Argentina approves non-profit patient cannabis collectives

While it may sound like old hat to cannabis industry experts in North America, the Argentine government has just taken a bold step that will allow patients access to medicinal cannabis in a way not found in most reformed jurisdictions elsewhere . Namely, the Argentine Ministry of Health has authorized specially licensed and licensed non-profit organizations to grow cannabis for medical patients.

Each NGO is allowed to provide cannabis to up to 150 people, grow both indoors and outdoors, and register multiple properties for the same purpose. Patients must also participate in a special registry called the Registry of the Cannabis Program (REPROCANN). Nonprofit organizations that enroll more than 150 patients may also apply for approval to expand those patient numbers into the National Program for the Study and Research of Medicinal Cannabis.

Resolution 673 modifies an Argentine resolution passed in March last year that established and regulated the operation of the REPROCANN program and created the basic parameters of controlled cultivation for medicinal users.

The details

Each non-profit organization is allowed to grow up to nine plants per patient and is allocated up to 6 m² for indoor growing and up to 15 m² for outdoor growing for this purpose. When transported by vehicle, up to six 30ml bottles of cannabis extract or up to 40 grams of dried flower are allowed by authorized personnel.

The program was set up to facilitate guaranteed access to treatments for medicinal cannabis users and allow third parties to provide the same to registered patients.

Cannabis reform in Argentina

Cannabis has been decriminalized for personal use in Argentina since the Supreme Court ruled in 2009 and further ruled that personal use is a constitutional right. General consumption is tolerated. The consumption for medical purposes was not regulated until now. However, growing, selling and transporting cannabis remained illegal.

In March 2017, the Argentine Senate approved the medical use of CBD oil. In late November 2020, President Alberto Fernandez signed a decree allowing home cultivation of cannabis and subsidized medical access.

What Argentina is doing right

While it’s hardly the most prominent cannabis reform program in the world, Argentina’s government appears to be taking a page from other reform programs that have been implemented elsewhere — as well as what hasn’t worked.

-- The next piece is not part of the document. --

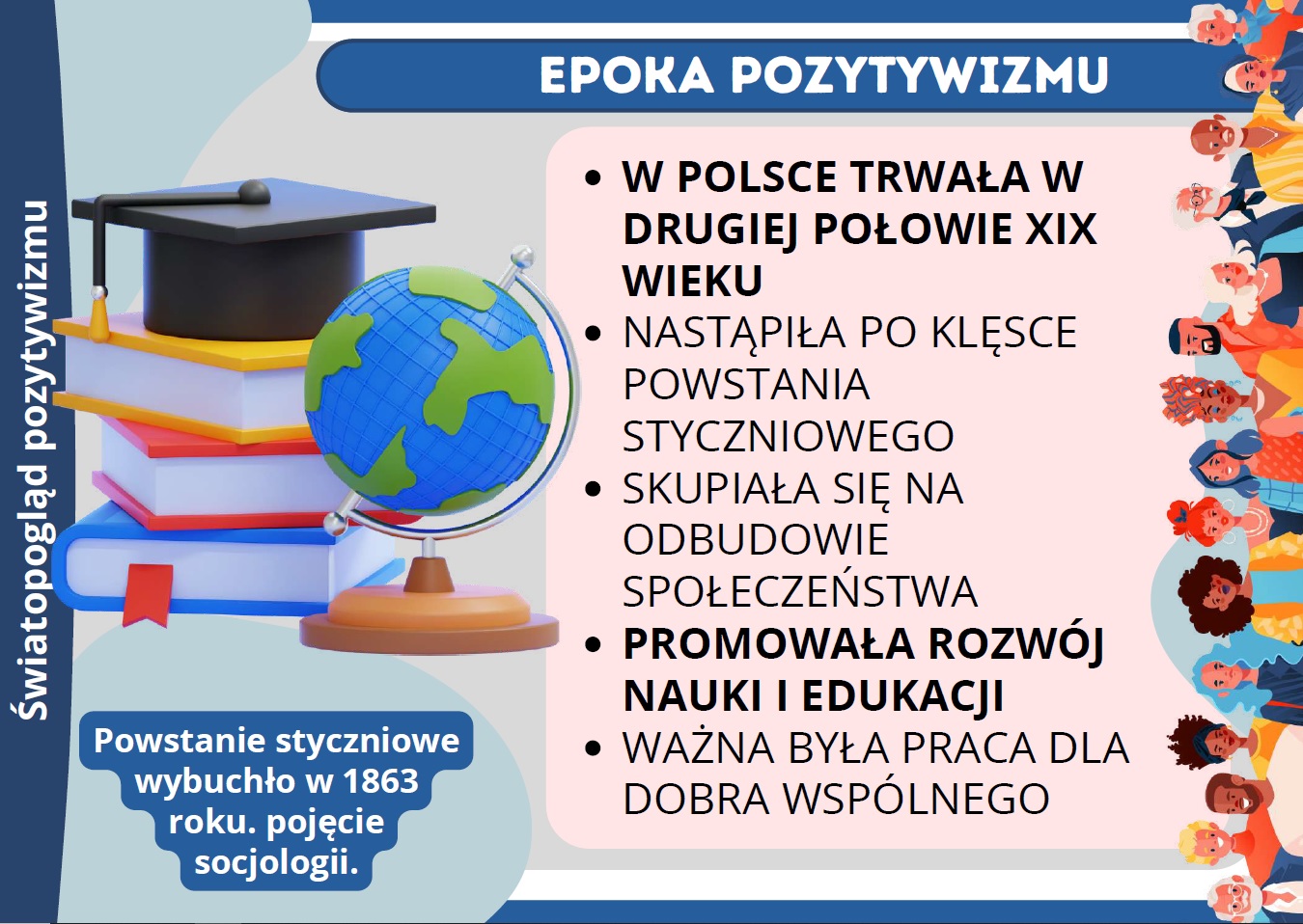 Uczniowie poznają takie pojęcia jak praca u podstaw, praca organiczna, rozwój nauki czy znaczenie edukacji. Materiał został przygotowany w atrakcyjnej formie graficznej, dzięki czemu świetnie sprawdzi się jako dekoracja klasy, pomoc dydaktyczna lub element gazetki tematycznej.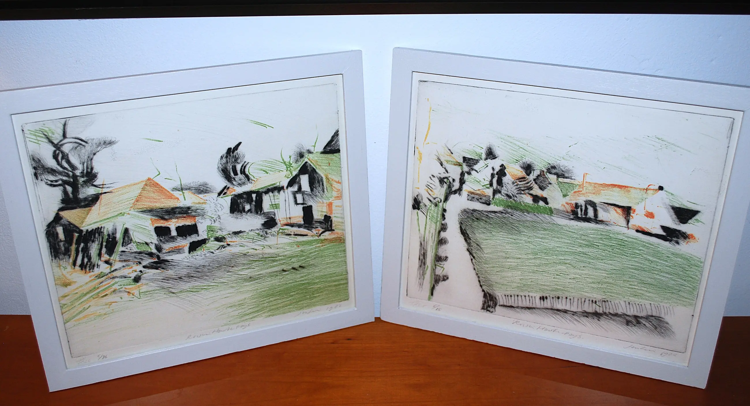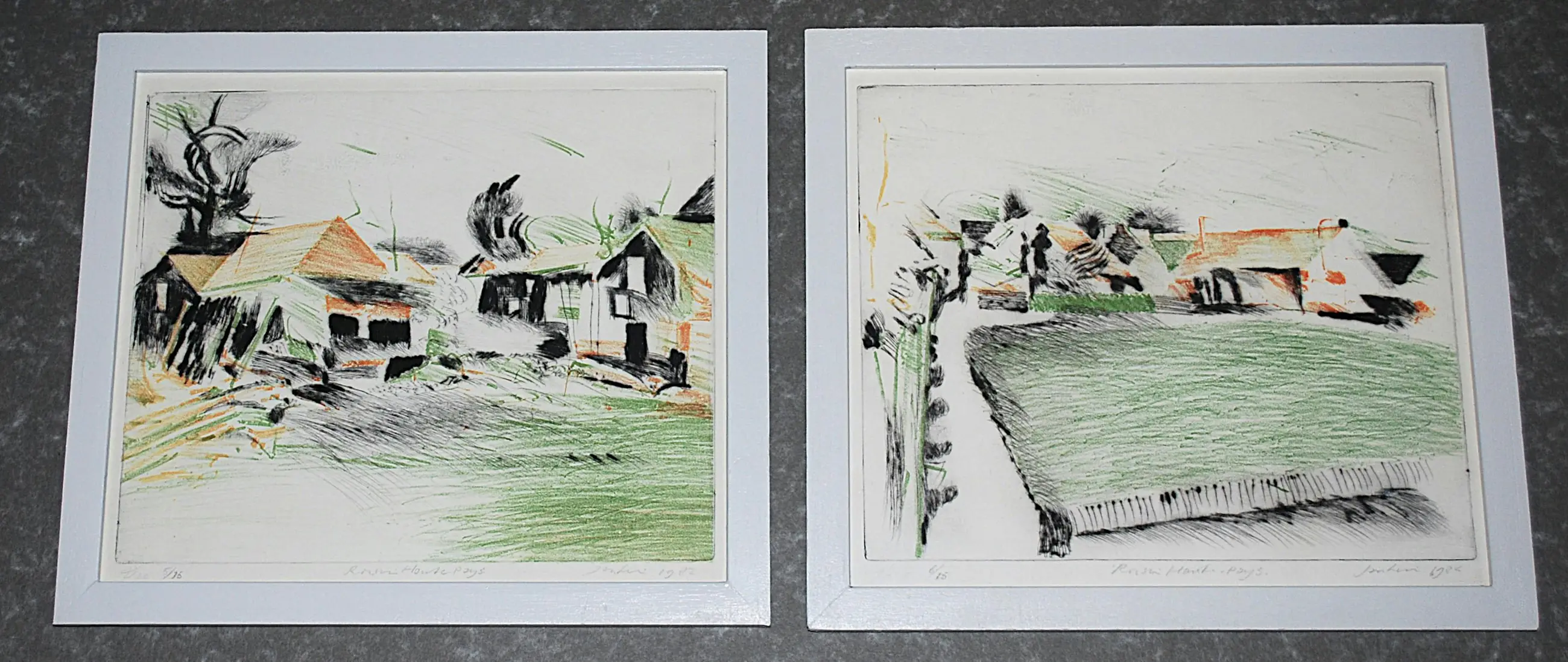 Theo Elfrink - en Jan Hein van Rooij - 2 ingelijste kleuretsen - Roisin-Hauts Pays (FR)

For example, in both the US and Canada, patient populations similar to those in Argentina became the basis for legalizing the commercial industry. However, in countries like Holland, certainly until the start of the official national cultivation trial next year, and currently in Spain, the cultivation and cultivation of plants for coffeeshops and clubs remain largely unregulated. Transport between the place of cultivation and the place of consumption and sale remains a dangerous matter, since the entire process is still in a gray area.

In addition, the idea of ​​formalizing patient collectives has not caught on in countries like Europe. Currently, only Switzerland plans to introduce federally regulated cannabis clubs – although the first edition of the same will still be in pharmacies.

The whole discussion about patient collectives and non-profits is completely off the table in Germany, now in the process of establishing guidelines for recreational use (and incredibly delaying the decriminalization process). Patients are still largely left to their own devices in a maze of bureaucratic bureaucracy, beginning with physicians’ reluctance to prescribe cannabis extracts and medicines (and even more cannabis flower), and repeated thwarting of those requests by insurance companies and the state-run- Regulator who makes the final approvals.

When they don’t get this, many patients (who don’t suddenly stop being sick) turn to the black market, which is dangerous for patients both on the quality side and, of course, face criminal penalties if caught with more than about five become up to 15 grams of grass (depending on where they are caught).